┌──

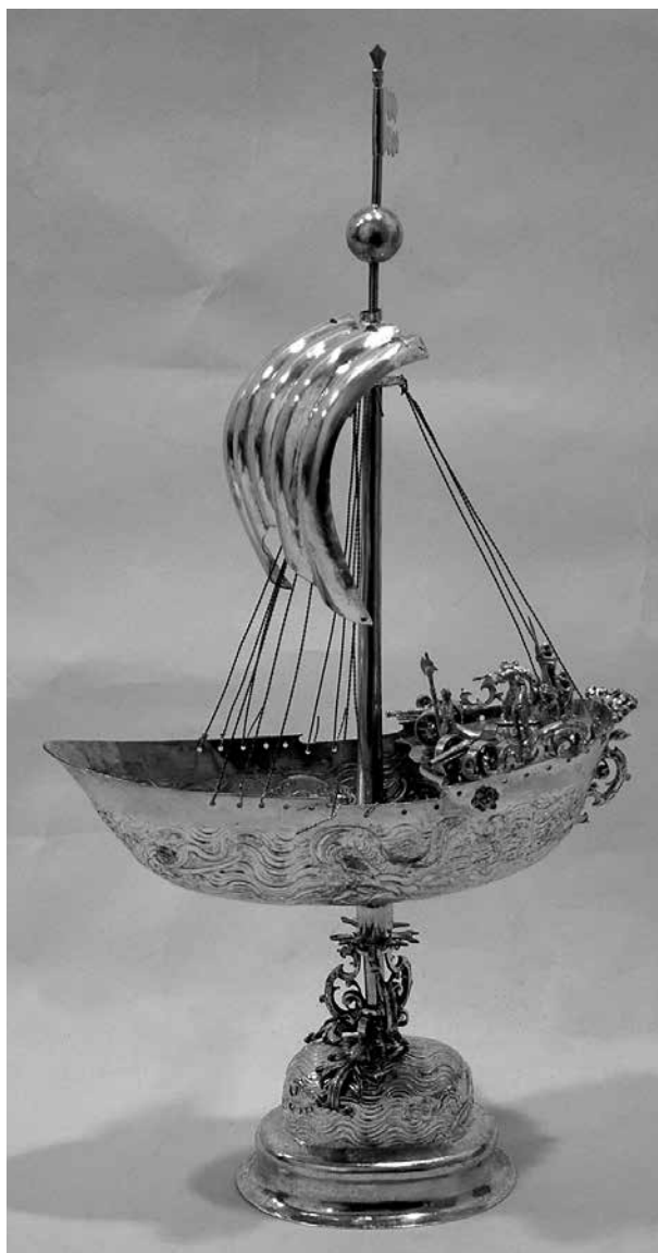
10. Hajó alakú asztaldísz, Nürnberg, 17. század eleje. Iparművészeti Múzeum, ltsz.: 53.1995
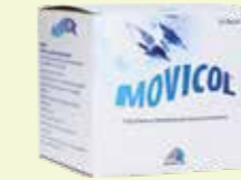
MOVICOL* 50 Beutel
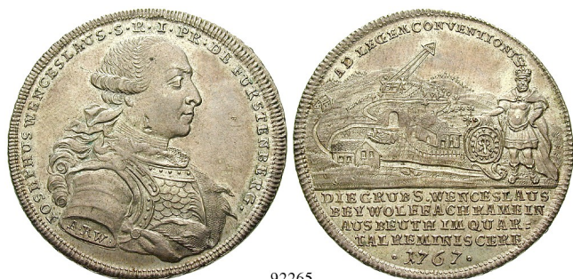
Best.-Nr. 92265 FÜRSTENBERG, GRAFSCHAFT 6.900,- 92265 Joseph Wenzel, 1762-1783 Konventionstaler 1767, Stuttgart. 28,1 g. Ausbeute Grube St. Wenzel bei Wolfach. Dav. 2270; Dollinger 33; Müseler 19/11. Nur 500 Ex. geprägt. Schrf. und Kratzer auf Vs., vz/vz-st
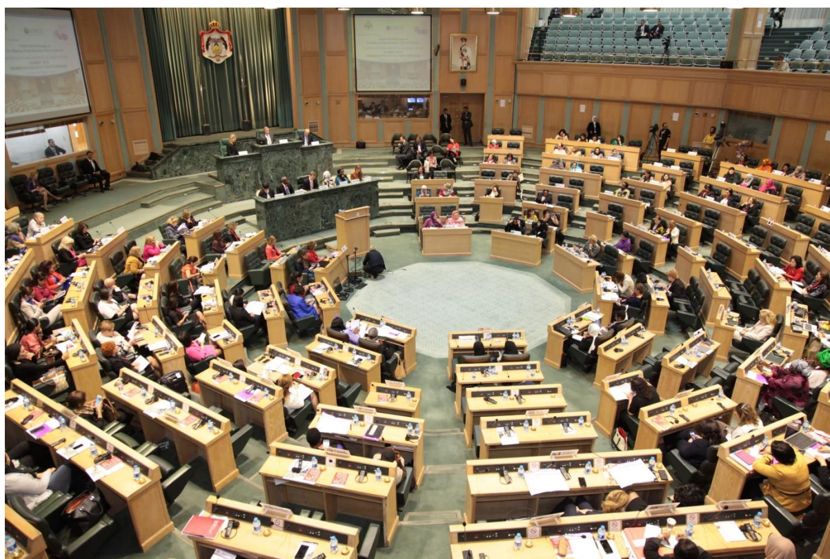
บรรยากาศการประชุมระดับโลกสตรีในรัฐสภา ๒๕๕๙

การประชุมระดับโลกสตรีในรัฐสภา ๒๕๕๙ ครั้งนี้นับเป็นการประชุมสตรีในระดับนานาชาติครั้งแรกของประเทศในภูมิภาคตะวันออกกลางและแอฟริกาเหนือ (Middle East and North Africa : MENA) ซึ่งจัดขึ้นโดยความร่วมมือระหว่างองค์กรสตรีในรัฐสภา (WIP) ร่วมกับรัฐสภาจอร์แดน และองค์การเพื่อความร่วมมือทางเศรษฐกิจและการพัฒนา (Organization for Economic Cooperation and Development : OECD) รวมถึงองค์การระหว่างประเทศต่าง ๆ ที่ได้ส่งผู้แทนองค์กรเข้าร่วมการประชุม อาทิ สภาสตรีแห่งชาติจอร์แดน (Jordanian National Commission for Women : JNCW) สภาผู้นำสตรีโลก (Council of Women World Leaders : CWWL) องค์การเพื่อสตรีแห่งสหประชาชาติ (UN Women) โครงการพัฒนาแห่งสหประชาชาติ (United Nations Development Programme : UNDP) สมาคมรัฐสภาในเครือจักรภพ (Commonwealth Parliamentary Association : CPA)
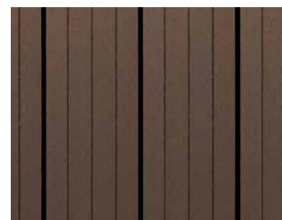
Easyplank Grafit, profil 01B.
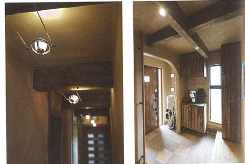
明るすぎない廊下の照明。
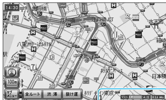
タイムスタンプ/チューナーマーク
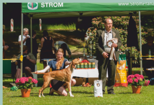
Pointer - Ceva z Mešinské hájovny výborný1, CAC, KV
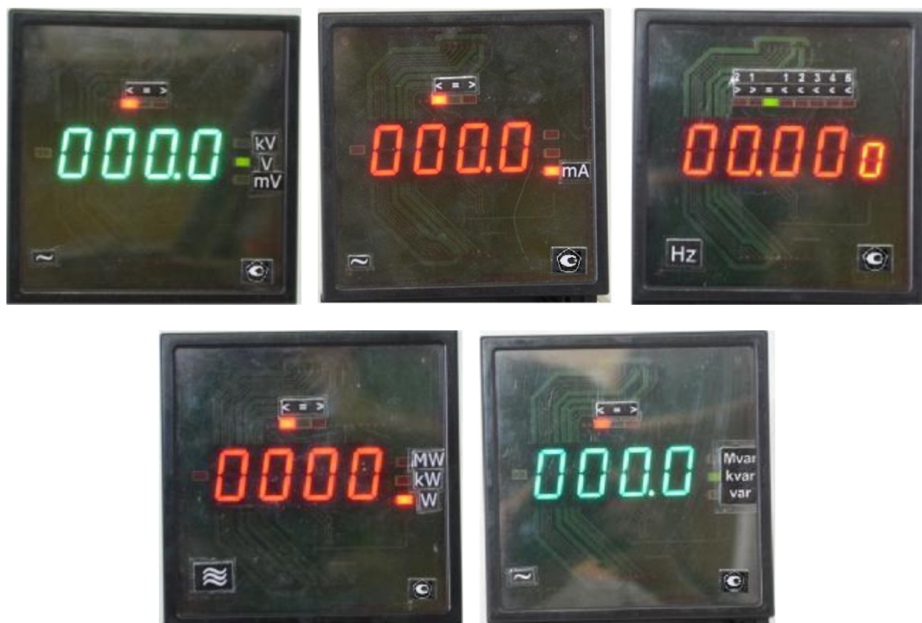
Рисунок 2 – Общий вид приборов в корпусе типоразмера 2
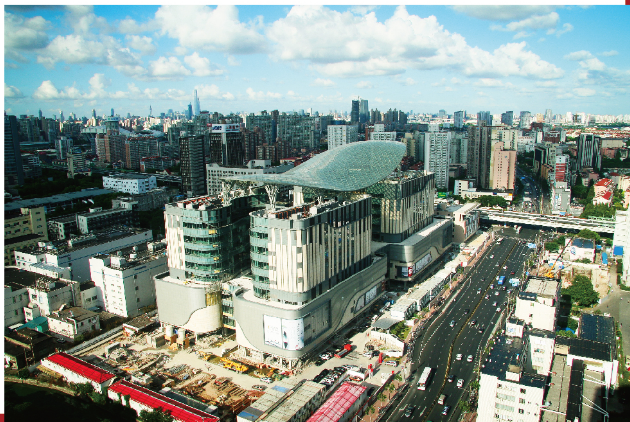
上海徐汇日月光中心（公司第11项经部承建）
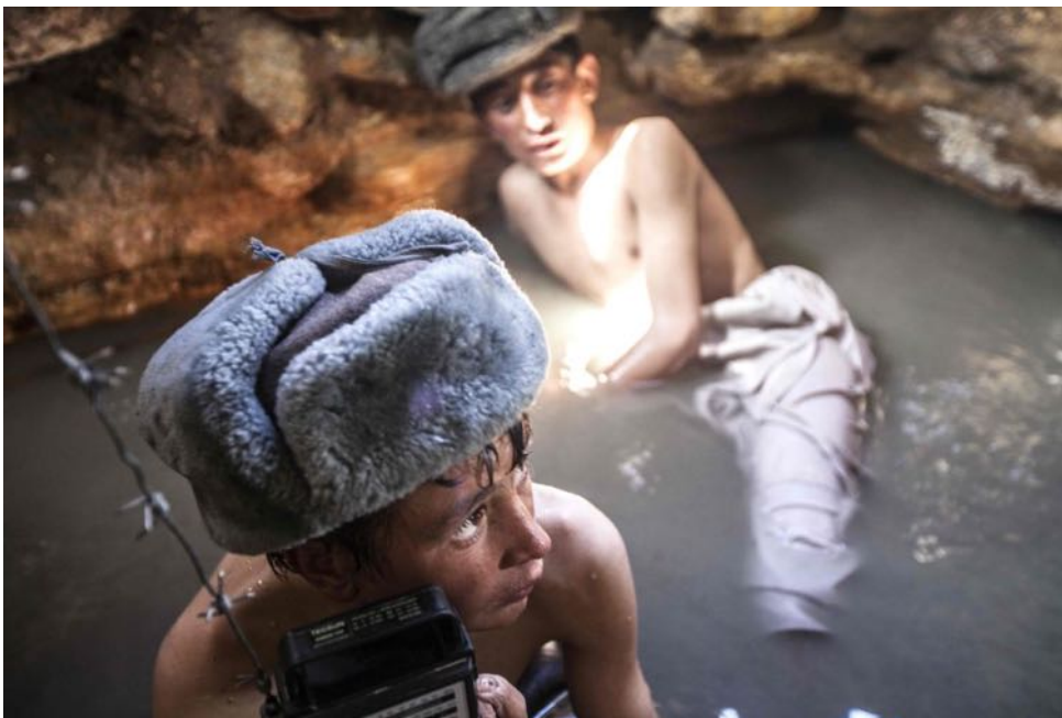
The Land of the Enlightened
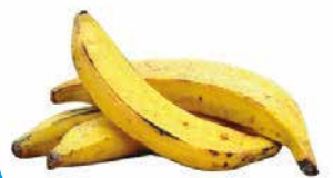
PLANTAIN COLOMBIE TOURNANT
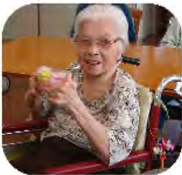
かき氷美味しいわよ！
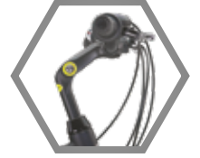
AYARLI GİDON BOĞAZI
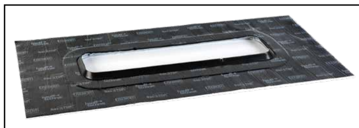
Abdichtungsmanschette für Hauff-Mehrsparten-Hauseinführungen

bis Vierfachdurchdringungen (R4) an. Der Aufbau ist ganz ähnlich der MehrspartenDICHT alten Modells: Das Formteil ist aus dem dauerbeständigem und flexiblem EPDM, welches komplettiert wird mit einem Alu-Butyl Klebekragen, der Feuchtigkeitsbeständigkeit, Rundheit sowie eine dauerhafte Luftdichtigkeit garantiert.
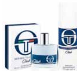
SERGIO TACCHINI - CLUB Giftbox Edt + Deospray Pris: 329:-
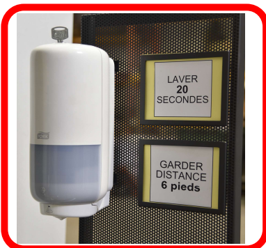
DISTRIBUTRICE À SAVON TOUCHLESS

└──

Pictures aside, repeat exactly every line from the top of the listing above through the line bearing "บรรยากาศการประ", inclusive.

SOLUTION FOR THIS TASK ::
10. Hajó alakú asztaldísz, Nürnberg, 17. század eleje. Iparművészeti Múzeum, ltsz.: 53.1995
MOVICOL* 50 Beutel
Best.-Nr. 92265 FÜRSTENBERG, GRAFSCHAFT 6.900,- 92265 Joseph Wenzel, 1762-1783 Konventionstaler 1767, Stuttgart. 28,1 g. Ausbeute Grube St. Wenzel bei Wolfach. Dav. 2270; Dollinger 33; Müseler 19/11. Nur 500 Ex. geprägt. Schrf. und Kratzer auf Vs., vz/vz-st
บรรยากาศการประชุมระดับโลกสตรีในรัฐสภา ๒๕๕๙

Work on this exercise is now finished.